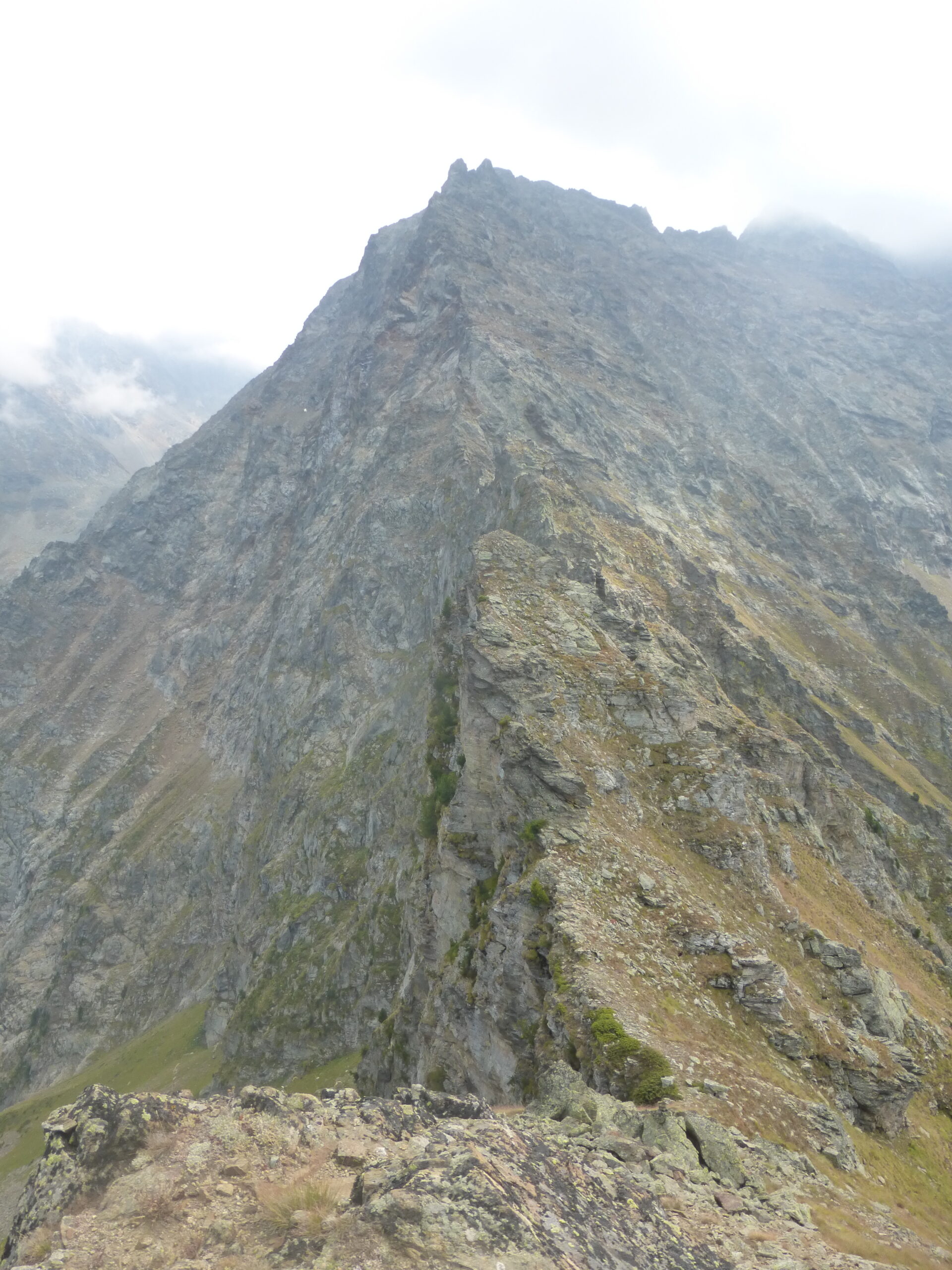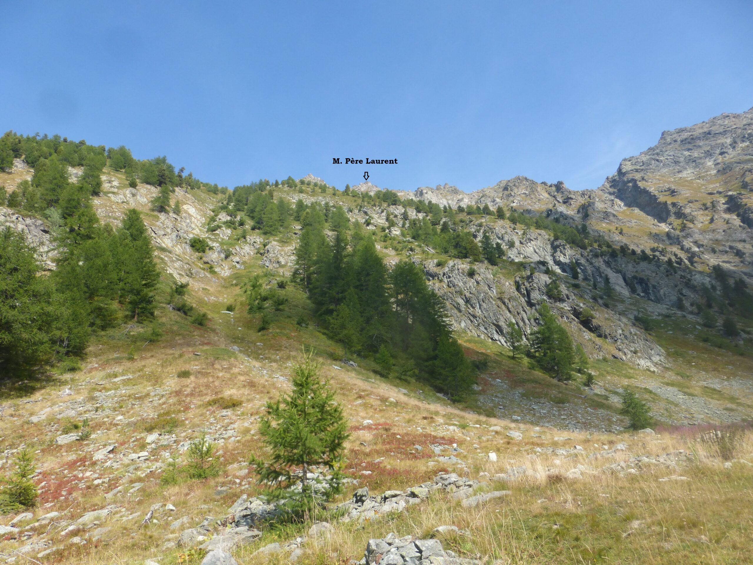 Dopo circa 400 duri metri di salita si sbuca sulla spalla ai piedi della cima; un ultimo tratto di nuovo ripido conduce velocemente sulla cima dalla quale si ha un impressionante colpo d’occhio anche sul sottostante vallone di Laures.
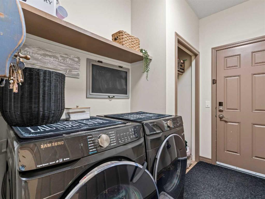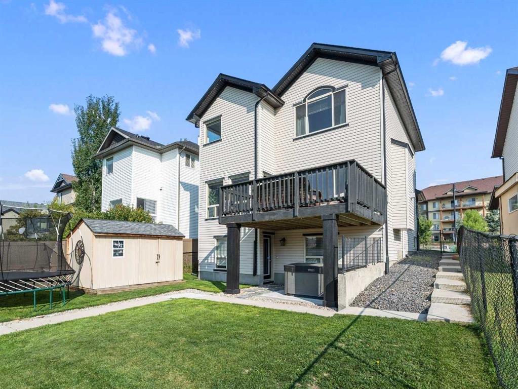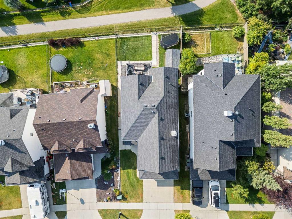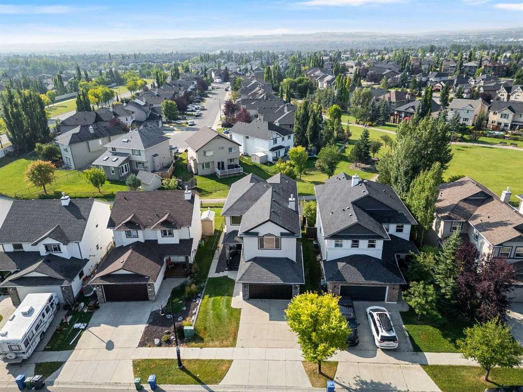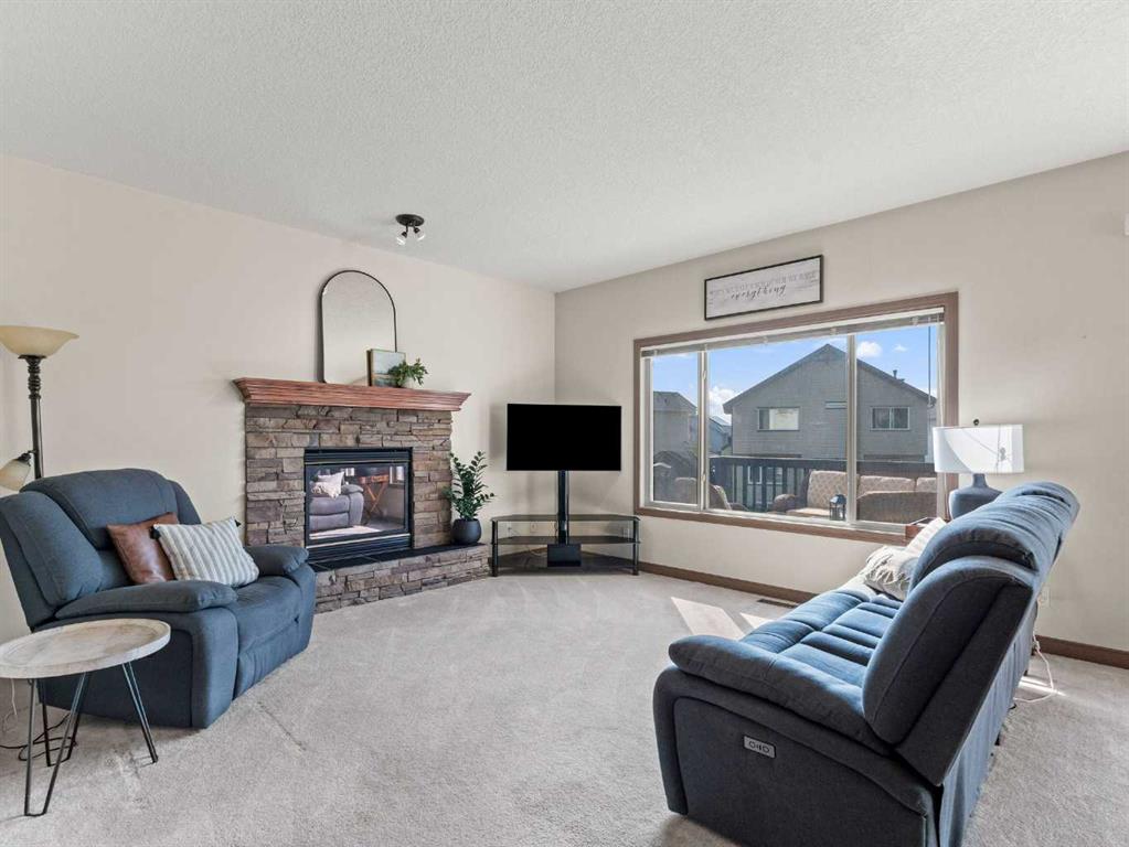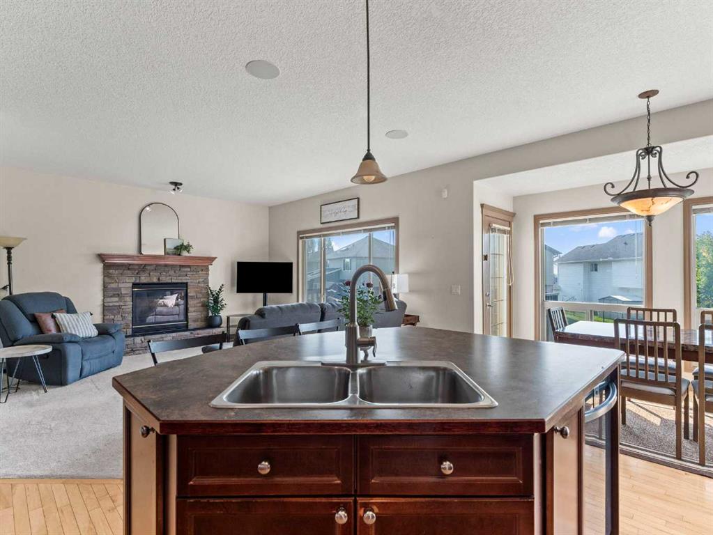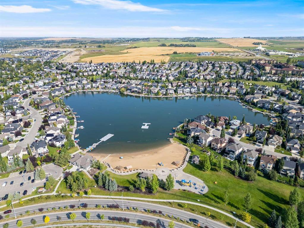 Welcome to this fully finished walkout 2-storey offering over 3,000 sq ft of living space designed for both comfort and lifestyle. Complete with air conditioning, a large garage, and a setting that backs onto greenspace and walking paths with mountain views and a park nearby, this home truly has it all. You’ll also enjoy exclusive lake access with year-round activities—swimming, fishing, paddle boarding, volleyball, basketball, and barbecues in the summer, plus skating in the winter. Add in a great school district and quick access to Calgary, just 15 minutes to South Calgary, and the location checks every box. Inside, you’re greeted by a grand entrance, where the main floor features 9-ft ceilings and hardwood flooring. A front office makes working from home easy, while the open living area offers a gas fireplace and large windows for natural light. The kitchen showcases a big island, dark stainless appliances, and flows to the dining area with access to a back deck where you can enjoy the greenbelt behind you. Upstairs you’ll find a vaulted bonus room and three bedrooms, including a large primary suite with mountain views, a walk-in closet, and a spa-inspired ensuite with a jetted tub, walk-in shower, and dual sinks. The fully developed basement adds even more living space with a big bedroom, full bathroom with shower, a wet bar with cabinets, and a large open rec space that walks out to the backyard. This home blends lifestyle, location, and family-friendly features in one complete package. Call your favourite Realtor to book your private showing—homes like this don’t last long!
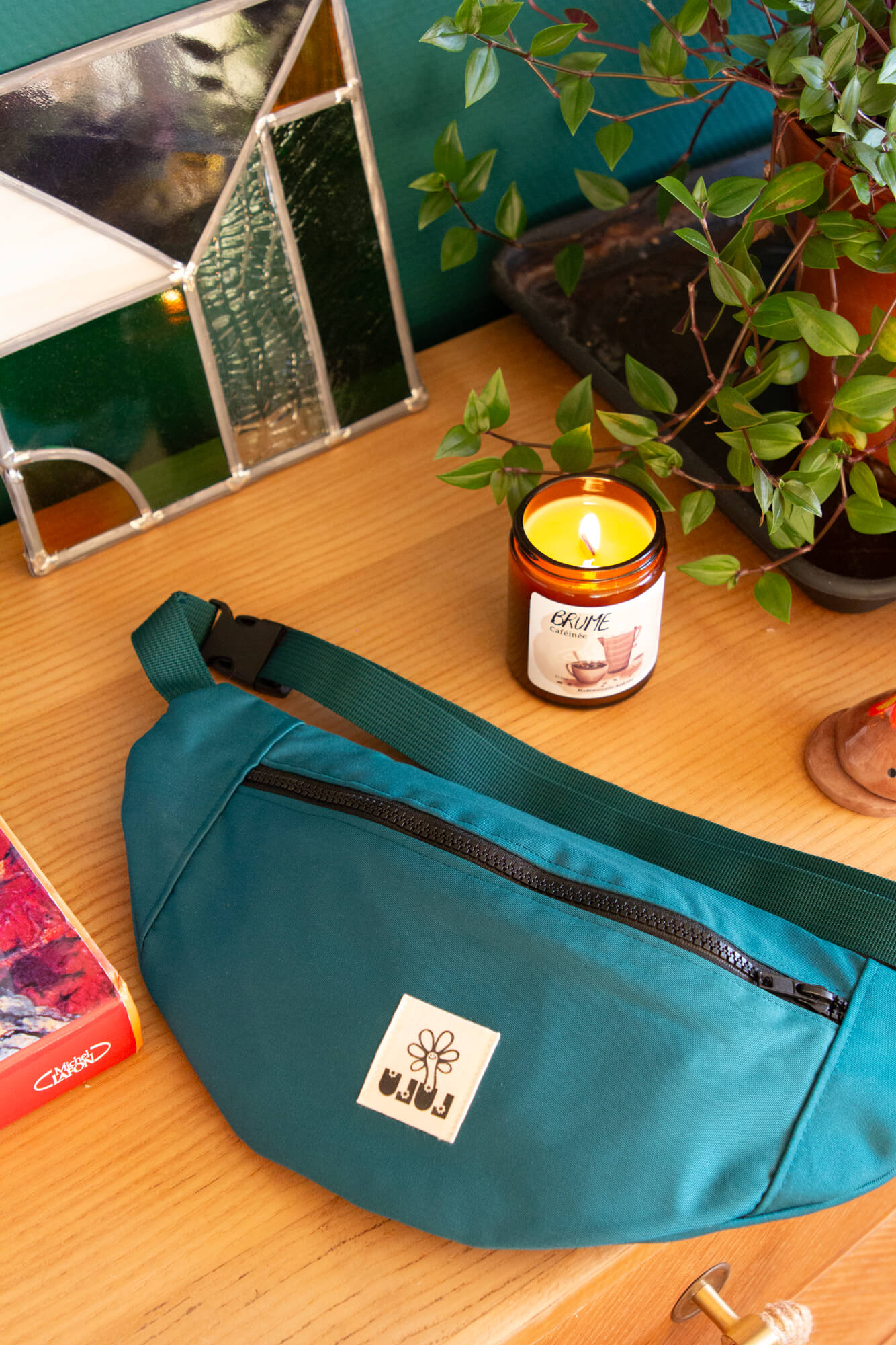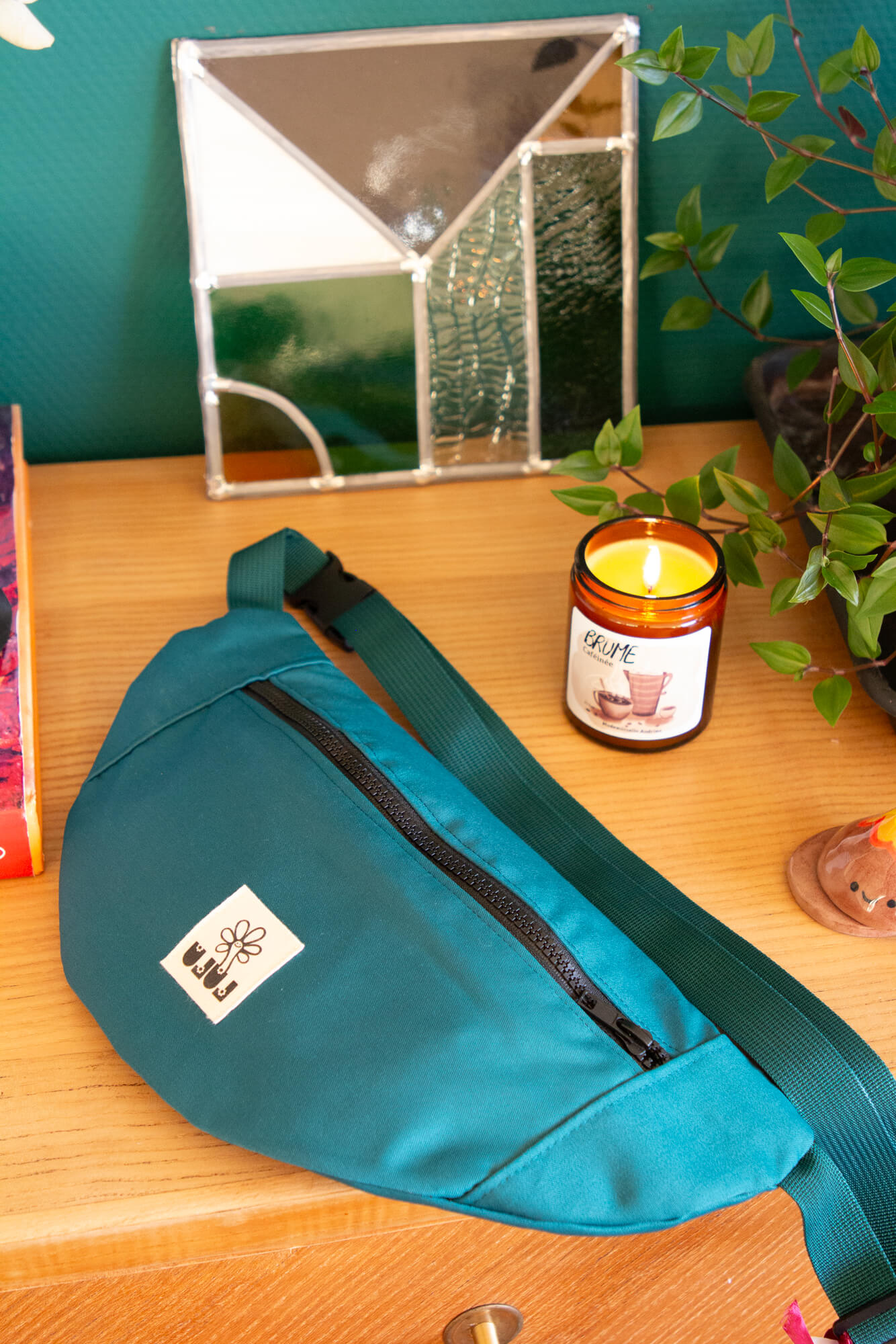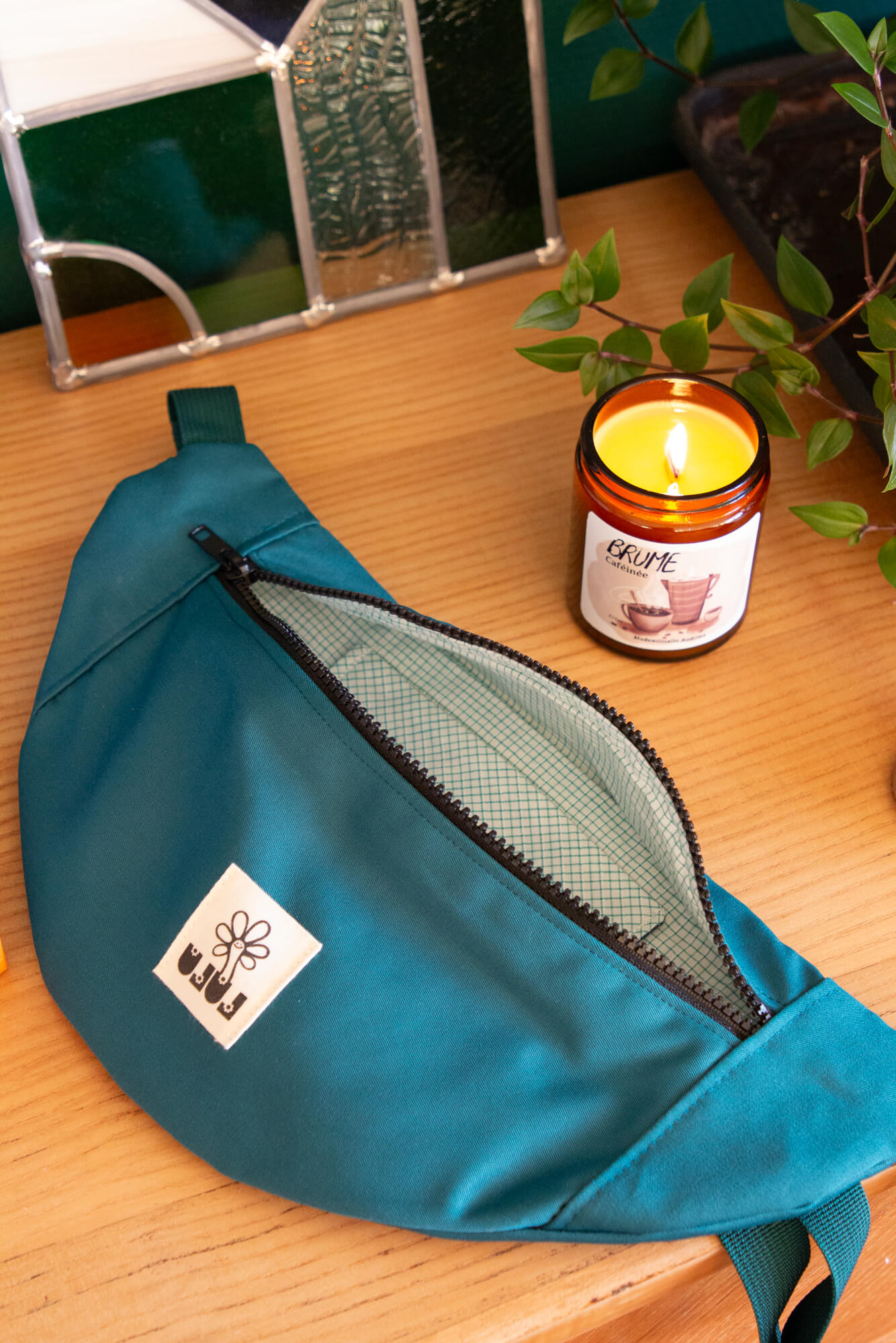 Sac banane émeraude. Tissu extérieur vert émeraude uni, intérieur à petits carreaux verts et blancs. Petite poche intérieure.
━━━
Exercise goal
Your response must reproduce the listing above word for word and must contain none of its pictures.

Answer section
 Dopo circa 400 duri metri di salita si sbuca sulla spalla ai piedi della cima; un ultimo tratto di nuovo ripido conduce velocemente sulla cima dalla quale si ha un impressionante colpo d’occhio anche sul sottostante vallone di Laures.
 Welcome to this fully finished walkout 2-storey offering over 3,000 sq ft of living space designed for both comfort and lifestyle. Complete with air conditioning, a large garage, and a setting that backs onto greenspace and walking paths with mountain views and a park nearby, this home truly has it all. You’ll also enjoy exclusive lake access with year-round activities—swimming, fishing, paddle boarding, volleyball, basketball, and barbecues in the summer, plus skating in the winter. Add in a great school district and quick access to Calgary, just 15 minutes to South Calgary, and the location checks every box. Inside, you’re greeted by a grand entrance, where the main floor features 9-ft ceilings and hardwood flooring. A front office makes working from home easy, while the open living area offers a gas fireplace and large windows for natural light. The kitchen showcases a big island, dark stainless appliances, and flows to the dining area with access to a back deck where you can enjoy the greenbelt behind you. Upstairs you’ll find a vaulted bonus room and three bedrooms, including a large primary suite with mountain views, a walk-in closet, and a spa-inspired ensuite with a jetted tub, walk-in shower, and dual sinks. The fully developed basement adds even more living space with a big bedroom, full bathroom with shower, a wet bar with cabinets, and a large open rec space that walks out to the backyard. This home blends lifestyle, location, and family-friendly features in one complete package. Call your favourite Realtor to book your private showing—homes like this don’t last long!
 Sac banane émeraude. Tissu extérieur vert émeraude uni, intérieur à petits carreaux verts et blancs. Petite poche intérieure.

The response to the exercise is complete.